При сильной мышечной работе увеличивается количество потребления кислорода в сравнении с состоянием покоя; однако количество потребляемого кислорода увеличивается при максимальной мышечной работе не в 7 раз, а гораздо больше. Вместо 250 см8 кислорода, вдыхаемых в минуту во время покоя, потребление кислорода во время сильнейшей работы может достигать 2, 3 или даже 4 л в одну минуту, т. е. потребление кислорода увеличивается в 16 раз. Это большое увеличение делается возможным вследствие того, что увеличивается так называемый коэффициент утилизации кислорода, т. е. артериальная кровь при максимальной мышечной работе отдает кислород мышцам и обогащается углекислотой в гораздо большей степени, чем в состоянии покоя. Если коэффициент утилизации увеличится в 2 или 3 раза, а количество крови, как мы видели раньше, в 7—8 раз, то поглощение кислорода должно будет увеличиться при прочих равных условиях от 14 до 24 раз. Эти исследования обнаружили во всей полноте связь гармонически сочетанных в их деятельности систем кровеносной и дыхательной. Эти две системы представляют в функциональном отношении одно целое: одно и то же количество крови, благодаря указанной зависимости обеих систем, способно удовлетворять различные количественные запросы организма. С другой стороны, мы видим, как сердце, этот «источник жизни», по Гарвею, на котором лежит вся ответственность кровообращения, вовлечено в силу этого в самую сердцевину механизма, регулирующего обмен веществ.
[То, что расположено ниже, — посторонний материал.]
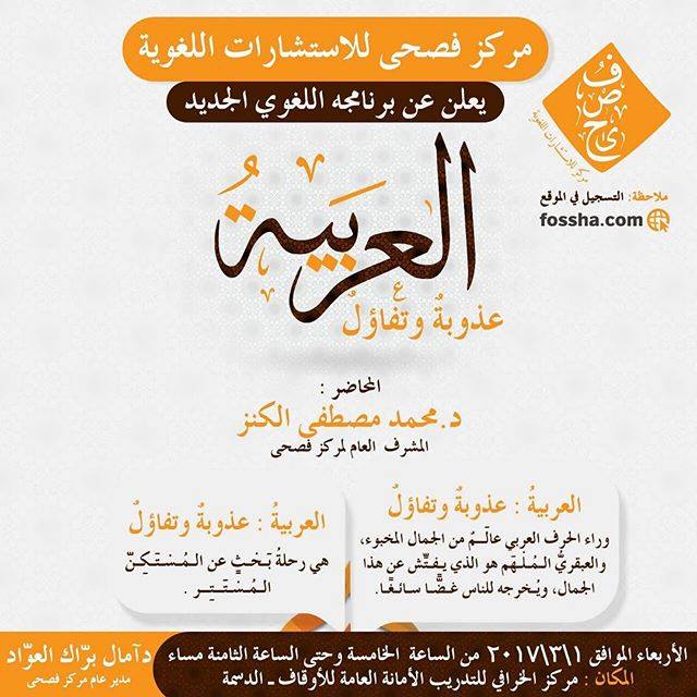 | مركز فصحى للاستشارات اللغوية يعلن عن برنامجه اللغوي الجديد: "لغتي بصمتي" | مصطفى شعبان | أخبار ومناسبات لغوية | 0 | 08-25-2018 03:40 PM |

Сердце больше, чем всякий другой орган, определяет возможную степень интенсивности жизненных отправлений. На почве количественных определений факторов кровообращения и дыхания, а также привходящих сюда факторов работы скелетных мышц укрепляется в нас мысль, что схематизированное изучение одной какой-нибудь функции

или функций одного какого-нибудь изолированного органа кроет в себе опасность вступить в тупик. Лучшие головы из рядов физиологов прошлого века тратили все силы своего ума на изучение изолированной мышцы. Этим путем можно было дойти только до известного предела. Только изучая мышцу в связи с ее иннервацией, кровообращением, дыханием, обменом веществ, воздействием со стороны органов внутренней секреции, можно углубиться еще дальше в функцию мышц. Поэтому то направление, которое мы встречаем в трудах Крога, Гилла, Баркрофта и других, изучающих мышцу в указанном направлении, ведет к прогрессу не только для физиологии мышц, но и к прогрессу физиологии кровообразования.

В связи с только что сказанным уместно было бы напомнить о двух открытиях последнего времени, которые явились следствиями нашего умения охватывать весь количественный учет факторов кровообращения и кровоснабжения. Крог усмотрел неувязку между большим количеством поглощаемого работающей мышцей кислорода и сравнительно небольшой капиллярной васкуляризацией мышц. Ближайшее рассмотрение этого обстоятельства привело Крога к новому крупному открытию в учении о кровообращении. Оказалось, что количество функционирующих капилляров в органах есть величина непостоянная: часть капилляров открыта, часть же совершенно закрыта. В мышцах во время работы открывается новое число капилляров, вследствие чего величина васкуляризации увеличивается во много раз. Итак, демонстрация при помощи микроскопа капилляров и кровообращения в них, осуществленная еще в XVII столетии, в наши дни получила прибавку, полную глубочайшего смысла, — прибавку, свидетельствующую об изумительных ресурсах регулятивных способностей организма в деле снабжения кровью рабочих органов.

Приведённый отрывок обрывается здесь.